ARCHAEOLOGICAL SITE OF KHELVACHAURI MUNICIPALITY (GONIO FORTRESS)

Authors

DOI:

https://doi.org/10.61671/nbcp.v15i1.45

Keywords:

Khelachauri, Gonio Fortress, Apsaros, Byzantium, Ottoman Empire.

Abstract

Gonio Fortress is an important historical, architectural and archeological site in Khelva-chauri Municipality. Its past is reflected in Greek-Latin-Georgian literary sources and in epigraphic evidences. Gonio Fortress is still the object of intensive archeological research.

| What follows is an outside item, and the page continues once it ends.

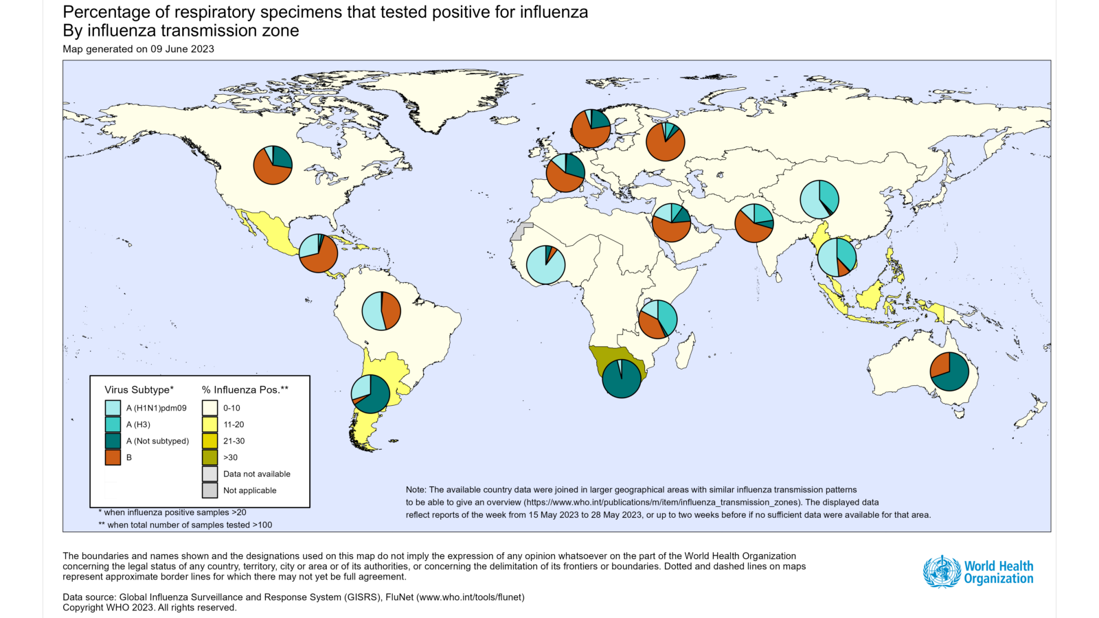 - National Influenza Centres (NICs) and other national influenza laboratories from 119 countries, areas or territories reported data to FluNet for the time period from 15 May 2023 to 28 May 2023* (data as of 09/06/2023 07:28:47 AM UTC). The WHO GISRS laboratories tested more than 328 524 specimens during that time period. 9814 were positive for influenza viruses, of which 6248 (63.7%) were typed as influenza A and 3566 (36.3%) as influenza B. Of the sub-typed influenza A viruses, 2992 (78.9%) were influenza A(H1N1)pdm09 and 799 (21.1%) were influenza A(H3N2). Of the type B viruses for which lineage was determined, all (499) belonged to the B-Victoria lineage.

Gonio is identified with the Apsaros-Apsarunt mentioned in the Classical and Byzantine sources. It is clear from the archaeological data that the settlement existed here long be­fo­re the construction of the fort. The oldest archaeological material found in the Gonio area dates back to the Early Iron Age. A mining and metallurgical center dated to the 8th-7th centuries BC was functioning in the surroundings of Apsaros. Recent discoveries confirm that this territory was inhabited in the Classical Antiquity as well. The graves of the locals of the 5th century BC were unearthed at the south gate of the fort. Economic-cultural life had been on the rise since the Hellenistic period. Evi­dence of this is the ceramic and numismatic material found in the Fortress and the surrounding area.

Apsaros, as a fortress was first referred to in the work dated to AD 77. It is not excluded that the Romans built a temporary wooden fortress in Apsaros. The construction of the stone circuit wall seems to have begun at the turn of the 1st-2nd centuries. The bath, water supply and sewage systems, ruins of barracks at the south of the gate, household areas in the south-west part of the fort, the remains of the principia in the central part are dated to the 2nd-3rd centuries AD.

Apsaros was transformed into a boarder fort from the second half of the 3rd century AD. Apsaros fortress temporarily ceased to function by the 4th century AD. Archaeological material reveals that from the middle of the 4th century AD including the first half of the 6th century AD the fort was actually abandoned.

After the 8th century AD Apsaros is not mentioned in the written sources. In the era of the strength of Georgian Kingdom, the name "Gonia" takes its place. The study of the fortress’ surroundings did not reveal any cultural deposits of the Middle Ages. It indicates that Gonio fortress had lost its former significance and the territory of the fortress was less used.

In the King Tamar’s epoch Gonia became part of the Trabzon Empire. In the 1290s the province of Rize-Gonia separated from Trabzon Empire and joined the Kingdom of Georgia. In 1547, the Ottomans conquered Chaneti and later the ‘small town of Gonia’. They repaired the fortress, built battlements and walkways on the walls, renewed the water supply system, built hammam on the ruins of the Roman bath and a mosque in the middle of the fortress. The Ottomans turned Gonio Fortress into an outpost to control the conquered lands and annex West Georgia. After the Russo-Turkish War of 1877-78, according to the resolution of the Congress of Berlin of 1878, Gonio was returned to Georgia together with other territories.